The paper at the following link was written by KRW Brewer (Ken Brewer) as a result of his selection about three years ago as the Waksberg Award winner, for survey statistics, and explains the history of this thinking, and concludes with his recommendation as to when to use which method:
Brewer, K.R.W. (2014), “Three controversies in the history of survey sampling,” Survey Methodology,
(December 2013/January 2014), Vol 39, No 2, pp. 249-262. Statistics Canada, Catalogue No. 12-001-X.
The key is to have good regressor data available, which often is true, especially for periodically collected official data. (Note that in the example model, he uses the model-based classical ratio estimator (CRE).)
...........
In addition, there is the following by Mike Brick, who was selected about three years ago as the Washington Statistical Society's (a chapter of the ASA) presidential invited speaker on the topic of a variety of types of nonprobability sampling:
J. Michael Brick on Inference from Nonprobability Sampling:
Adilson, you stated that "Probability sampling I know, but it [representativeness] seems be different." Yes, they are different. First, representativeness can have varying definitions, but regardless, one can say that probability-based sample selection is just an attempt at finding a representative sample. This would happen, on "average," if you were to repeat your sample selection infinitely many times. But you only select once, and not even bootstrapping can tell you what you did not select. However, it is very often a reasonable and often even best thing to do to hope for 'representativeness.' Further, estimates of variance and bias can be obtained, though they can be very inaccurate themselves, and most bias and much variance often comes from nonsampling error, such as measurement error, which can basically just be modeled anyway. (Probability sampling with a small sample from a population with multiple modes, skewness, or any unusual distributional features, can be particularly prone to substantial failure.)

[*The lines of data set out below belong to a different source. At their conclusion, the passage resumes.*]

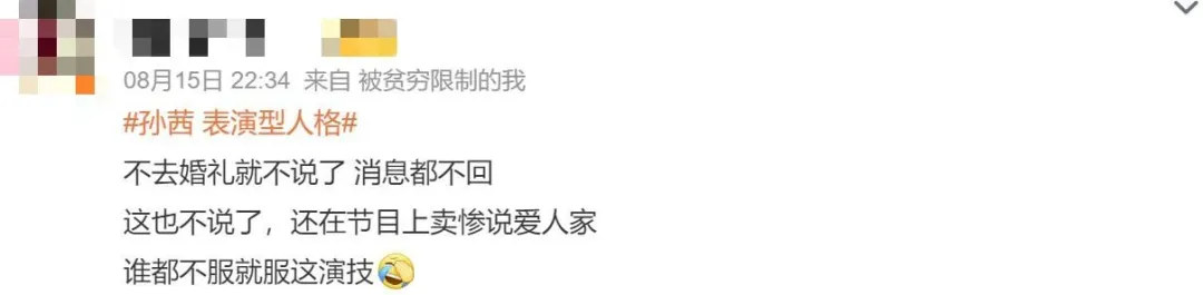 孫茜“槿汐姑姑”的温婉形象深入人心,卻因最近參加《甄嬛傳》衍生團綜,被吐槽“表演型人格”。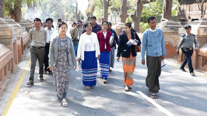 ဆက်လက်၍ သာသနာရေးနှင့် ယဉ်ကျေးမှုဝန်ကြီးဌာန ဒုတိယဝန်ကြီး ဒေါ်နုမြဇံသည် ငလျင်ကြောင့် ထိခိုက်ပျက်စီးခဲ့သည့် အင်းဝဗားကရာ သစ်သားဘုန်းတော်ကြီးကျောင်းကို ကြည့်ရှု စစ်ဆေးခဲ့ရာ ရှေးဟောင်းသုတေသနနှင့် အမျိုးသားပြတိုက်ဦးစီးဌာန ညွှန်ကြားရေးမှူးချုပ် ဒေါက်တာကျော်ဦးလွင်နှင့် တာဝန်ရှိသူများက ရှင်းလင်းတင်ပြကြပါသည်။ ဒုတိယဝန်ကြီးက အန္တရာယ်ရှိသော အုတ်တံတိုင်းအား အမြန်ဆောင်ရွက်ရန်၊ စောင်းနေသော ပြာသာဒ်ဆောင်များ ကို ပြန်လည်တည့်မတ်ရန် လမ်းညွှန်မှာကြားခဲ့ပါသည်။ ဆက်လက်၍ သာသနာရေးနှင့်ယဉ်ကျေးမှုဝန်ကြီးဌာန ဒုတိယဝန်ကြီး ဒေါ်နုမြဇံသည် ငလျင်ကြောင့်ထိခိုက်ပျက်စီးခဲ့သည့် လောကသရဖူဘုရား ထိခိုက်ပျက်စီးမှုများကို ကြည့်ရှု စစ်ဆေးခဲ့ရာ ရှေးဟောင်းသုတေသနနှင့် အမျိုးသားပြတိုက်ဦးစီးဌာန ညွှန်ကြားရေးမှူးချုပ် ဒေါက်တာကျော်ဦးလွင်နှင့် ဂေါပကအဖွဲ့တို့က ရှင်းလင်းတင်ပြကြပါသည်။ ဒုတိယဝန်ကြီးက ငလျင်ကြောင့် ပြိုကျခဲ့သော ဂန္ဓာကုဋီတိုက်အား အသစ်ပြန်လည်ဆောက်လုပ်ပါက Steel Structure အသုံးမပြုရန်နှင့် တောင်သမန်ကျောက်တော်ကြီးဘုရားရှိ နံရံဆေးရေးပန်းချီ အထောက်အထား အတိုင်းဆောင်ရွက်ရန်၊ ဘုရားဝင်းထဲတွင် ထေရဝါဒဗုဒ္ဓသာသနာတော်နှင့် မအပ်စပ်သည့် ရုပ်တု များကို ထပ်မံတိုးပွားခြင်းမပြုလုပ်ရန်၊ ရဲလောင်း(ဆွမ်းလောင်းဇရပ်)တွင်ထားရှိသော ဗုဒ္ဓဘာသာနှင့် မအပ်စပ်သည့်ရုပ်တုများကို ဖယ်ရှားပေးရန်လမ်းညွှန်မှာကြားခဲ့ပြီး ဧည့်သည်တော်မှတ်တမ်းတွင် လက်မှတ်ရေးထိုးခဲ့ကြောင်း သတင်းရရှိပါသည်။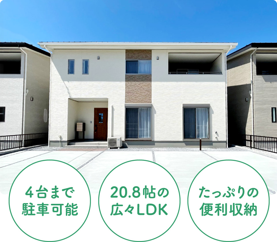 4台まで駐車できる敷地は、来客時も安心のゆとりある広さ。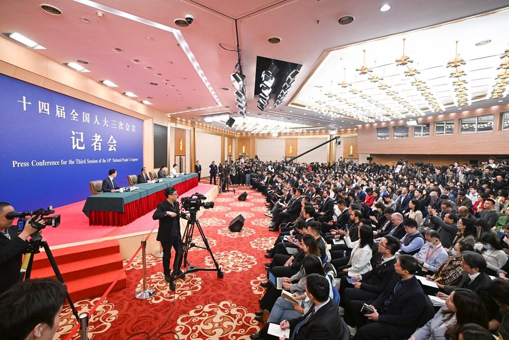3月7日,十四届全国人大三次会议在北京梅地亚中心新闻发布厅举行记者会。中共中央政治局委员、外交部长王毅就中国外交政策和对外关系回答中外记者提问。这是记者在现场采访。 新华社记者 陈晔华 摄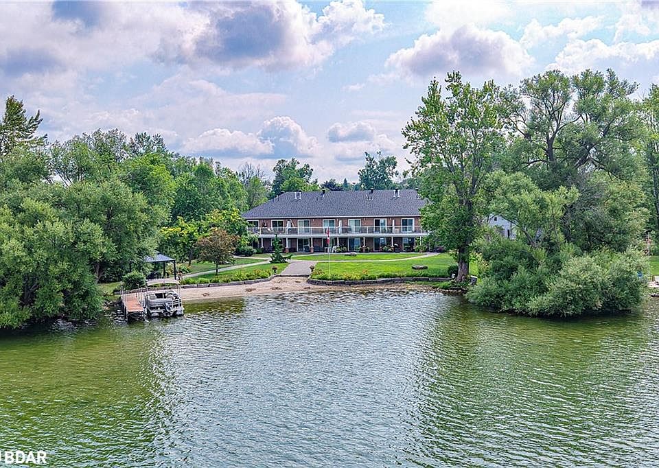 Welcome to Atherley Gardens and waterfront living on Lake Simcoe! This boutique complex is comprised of only 8 units, each with its own double car garage plus 2 exterior parking spots. Featuring direct beach access and spectacular unobstructed water views from this second floor end unit. With no lobby and no elevator, Atherley Gardens is unique with direct access to the unit from the covered front deck. The end unit offers a cozy corner to sit and relax on the front deck, as well as a private lakeside balcony with room for your bbq, outdoor dining, and picturesque sunsets. The moment you step inside this carpet free home, the open concept kitchen dining living area showcases the waterfront view. The classic white kitchen offers plenty of cabinetry, centre island with additional storage and plenty of gorgeous granite counter space which flows seamlessly to the spacious dining and living area perfect for entertaining. The king size primary bedroom also has access to the lakeside deck plus an ensuite with a large jetted tub and new walk in shower(2025). Another full bathroom, in-suite laundry with new washer (2022), new owned hot water tank (2022) and new shingles (2025). Swim, kayak, boat, walk & bike the trails, minutes to marinas, Orillia and Casino Rama, this central location offers convenient year round living or a care-free cottage getaway!

Chalamalla noted the following -
Bevins, Duke, & Bevins: Representativeness - means that the characteristics of the population and the sample are congruent
This is a good definition, but note that probability sampling may often not come even close to doing this in many examples, from one draw of a sample.
Thus, Adilson, you are correct to recognize that representativeness and probability sampling "seem different." They are. The latter is only an attempt to obtain an approximation of the former characteristic for a sample. Very often it is a good idea. But not always. (See Brewer paper linked previously. He generally liked combining probability of selection methodology with regression modeling.)
First of all, "representative" should always specify with respect to which characteristic(s) (gender, age, education...)
Second, representative sample is not the same as representative sampling.
* The former ensures representativeness EX POST, possibly using weights.You first draw a sample and then compute the weights for each observation in the sample to make it representative, i.e. equalize the (weighted) distribution of the characteristic(s) of interest in the sample and in the population (or minimize the difference between distributions).
* The latter ensures representativeness EX ANTE, but only statistically. You draw your sample in the same distribution as the population, but you may end up, by pure chance on the random draws, with different distributions.
Note that it may be efficient to overweight small categories in the sampling strategy, and then to use weights (small weights on overweighted categories) to compensate and ensure ex post that your sample is representative. If you use the weights in all your statistics and regressions, your reseults will be unbiased, and more efficient (lower variance) than with a representative sampling strategy.